== WHAT YOU NEED TO DO ==
Output exactly the lines that come between the start of the material and the line containing "Painting by M.", both ends included, with the pictures omitted.

== TASK INPUT ==
----------
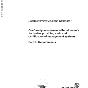 Adopts ISO/IEC 17021-1:2015 to specify principles and requirements for the competence, consistency and impartiality of the audit and certification of management systems of all types (e.g. quality management systems or environmental management systems) and for bodies providing these activities.
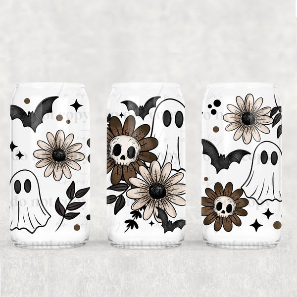 Floral Ghost 16oz Glass Wrap
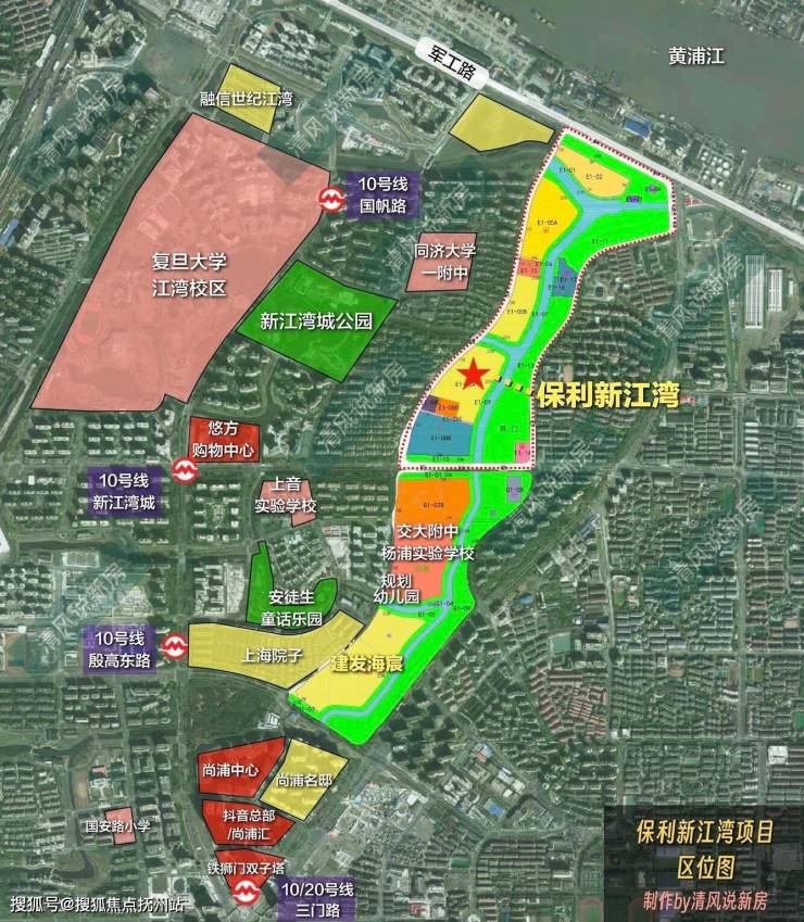 地块位置:杨浦区新江湾城街道439街坊E1-08A地块,位于新江湾城北侧,直线距10号线新江湾城站约1.2公里。
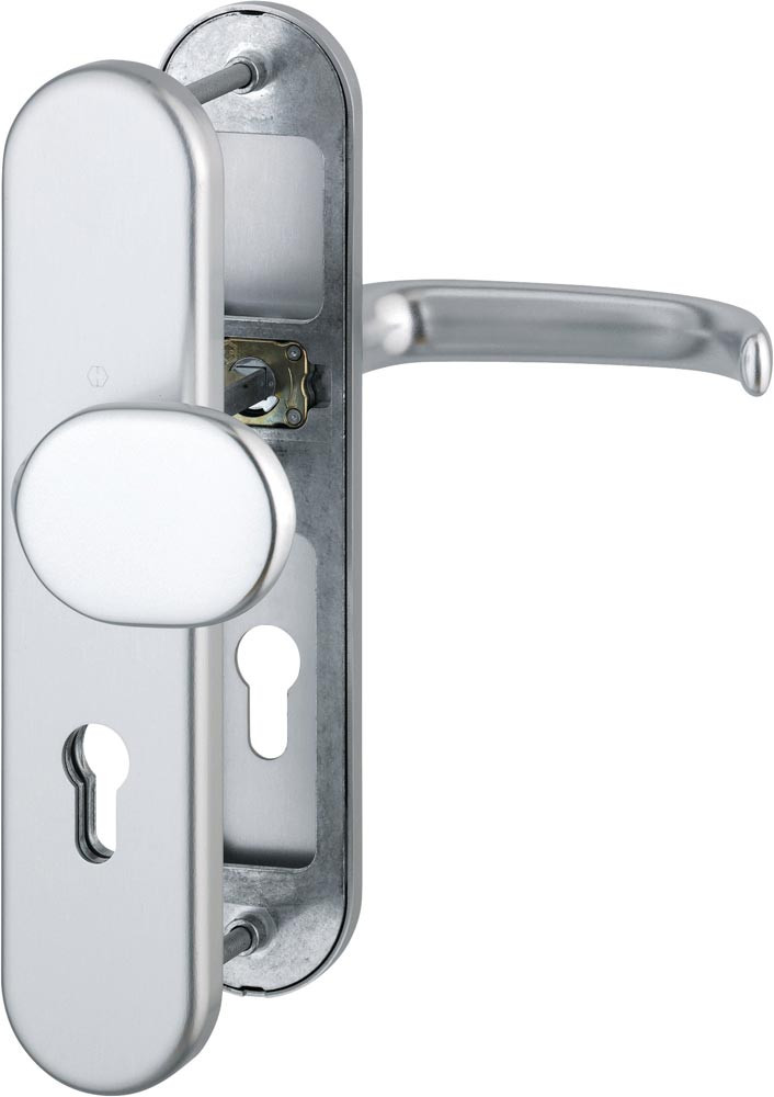 für Abschlusstüren · Stahl-Unterkonstruktion um Außen- und Zamak-Unterkonstruktion im Innenschild · außen: gekröpfter, feststehender Knopf · mit Rückholfeder · innen: loser Türgriff · Schnellstift-Verbindung (mit Hoppe FDW-Vollstift) · verdeckt, durchgehende Verschraubung · Lochung PZ · DIN links / rechts · Widerstandsklasse ES 1
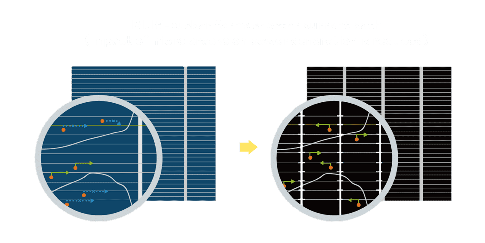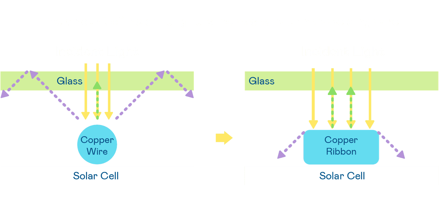 - 电池使用多条铜导线 (Copper wire) 于电池片上形成较短的电流路径,,,,提高电流收集效率,,,,采用圆形设计的铜导线较传统扁平式的铜焊带 (Ribbon),,,可增加入射至电池的光线量。。。。
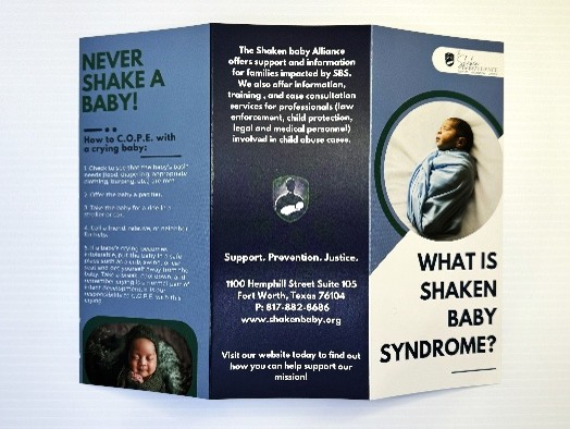 Our brochure on Shaken Baby Syndrome (SBS) provides essential information about this preventable form of child abuse. It explains how SBS occurs when an infant is violently shaken, leading to severe brain injury and potentially lifelong disabilities. This brochure outline the risks, offer prevention tips such as managing stress, seeking support, and knowing when to take a break, and emphasizes the importance of never shaking a baby.
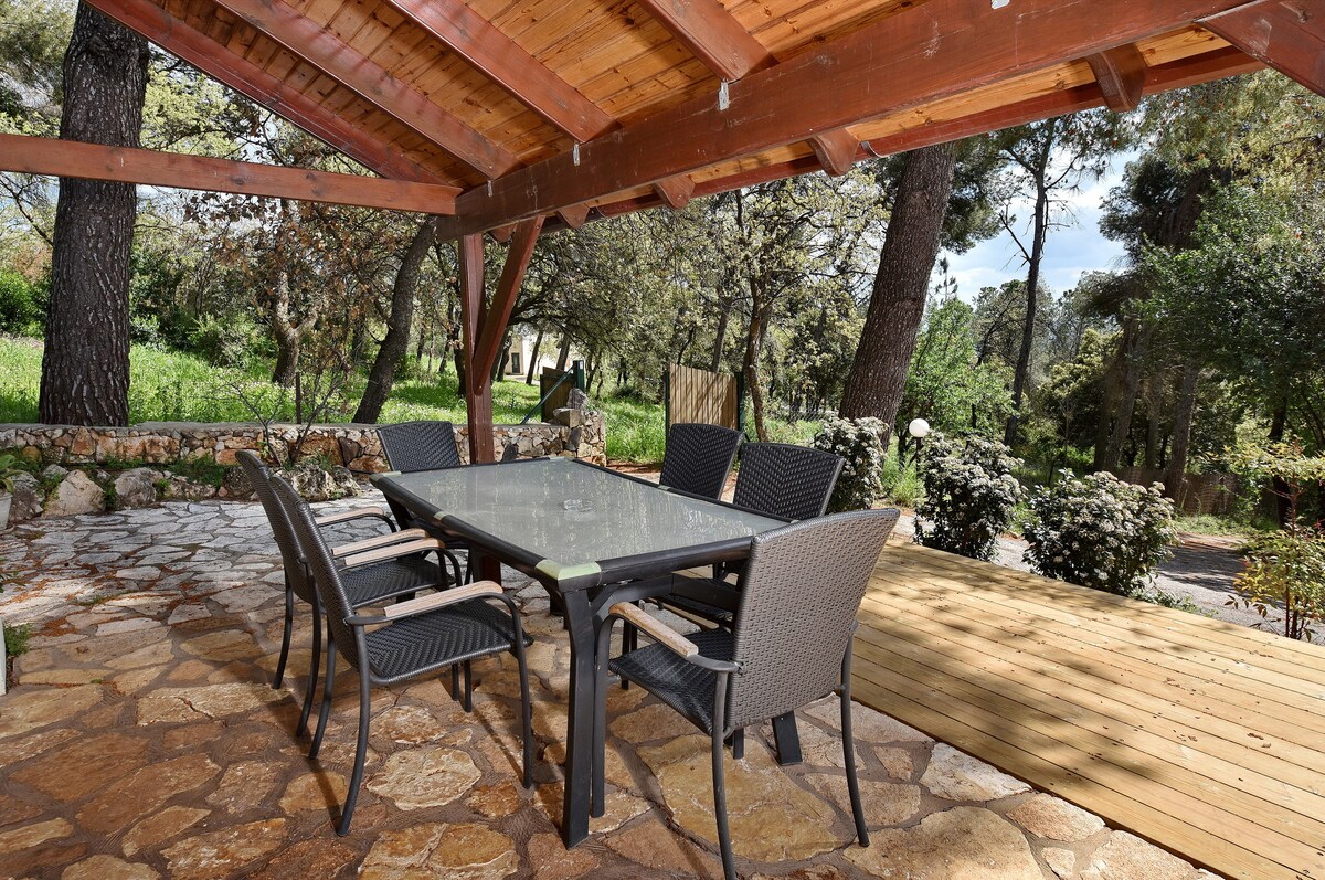 Una hermosa villa rodeada de bosques y naturaleza , con capacidad para hasta 7 huéspedes. Dos dormitorios dobles, cada uno con baño privado y una sala común con 3 sofás cama. Un jacuzzi privado en el balcón y mucha paz y tranquilidad.
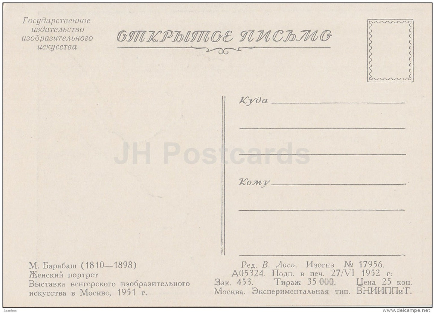 Painting by M. Barabas - Portrait of a Woman - Hungarian art - 1952 - Russia USSR - unused
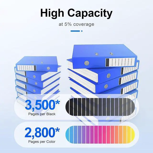 Cartridge yield (approx.): Page Yield: 3,500 pages per Black toner cartridge, 2,800 pages per Color toner cartridge at 5% coverage (Letter/A4)
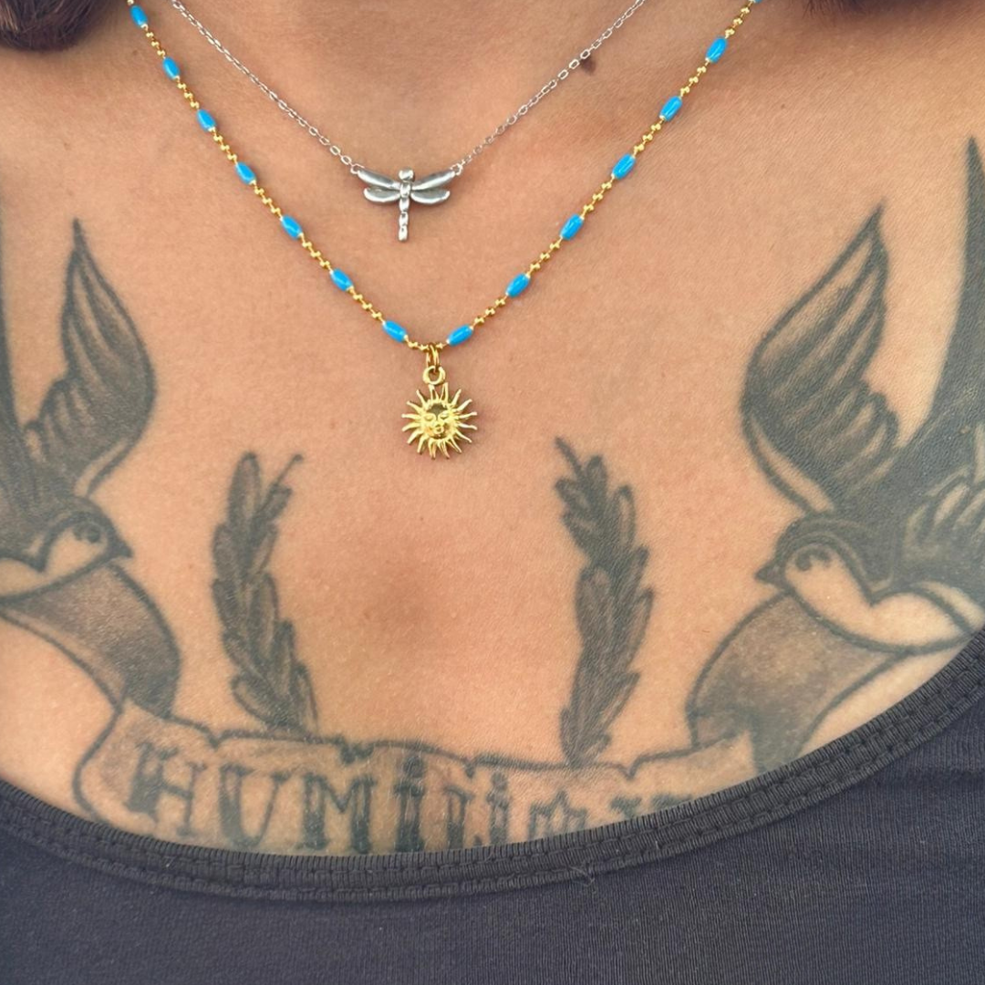 Fabricado en acero inoxidable 316L chapado en oro de 18k, este diseño combina una delicada cadena de cuentas en azul y dorado con un colgante de sol radiante, símbolo de energía, vitalidad y optimismo.
----------
== OUTPUT ==
 Adopts ISO/IEC 17021-1:2015 to specify principles and requirements for the competence, consistency and impartiality of the audit and certification of management systems of all types (e.g. quality management systems or environmental management systems) and for bodies providing these activities.
 Floral Ghost 16oz Glass Wrap
 地块位置:杨浦区新江湾城街道439街坊E1-08A地块,位于新江湾城北侧,直线距10号线新江湾城站约1.2公里。
 für Abschlusstüren · Stahl-Unterkonstruktion um Außen- und Zamak-Unterkonstruktion im Innenschild · außen: gekröpfter, feststehender Knopf · mit Rückholfeder · innen: loser Türgriff · Schnellstift-Verbindung (mit Hoppe FDW-Vollstift) · verdeckt, durchgehende Verschraubung · Lochung PZ · DIN links / rechts · Widerstandsklasse ES 1
 - 电池使用多条铜导线 (Copper wire) 于电池片上形成较短的电流路径,,,,提高电流收集效率,,,,采用圆形设计的铜导线较传统扁平式的铜焊带 (Ribbon),,,可增加入射至电池的光线量。。。。
 Our brochure on Shaken Baby Syndrome (SBS) provides essential information about this preventable form of child abuse. It explains how SBS occurs when an infant is violently shaken, leading to severe brain injury and potentially lifelong disabilities. This brochure outline the risks, offer prevention tips such as managing stress, seeking support, and knowing when to take a break, and emphasizes the importance of never shaking a baby.
 Una hermosa villa rodeada de bosques y naturaleza , con capacidad para hasta 7 huéspedes. Dos dormitorios dobles, cada uno con baño privado y una sala común con 3 sofás cama. Un jacuzzi privado en el balcón y mucha paz y tranquilidad.
 Painting by M. Barabas - Portrait of a Woman - Hungarian art - 1952 - Russia USSR - unused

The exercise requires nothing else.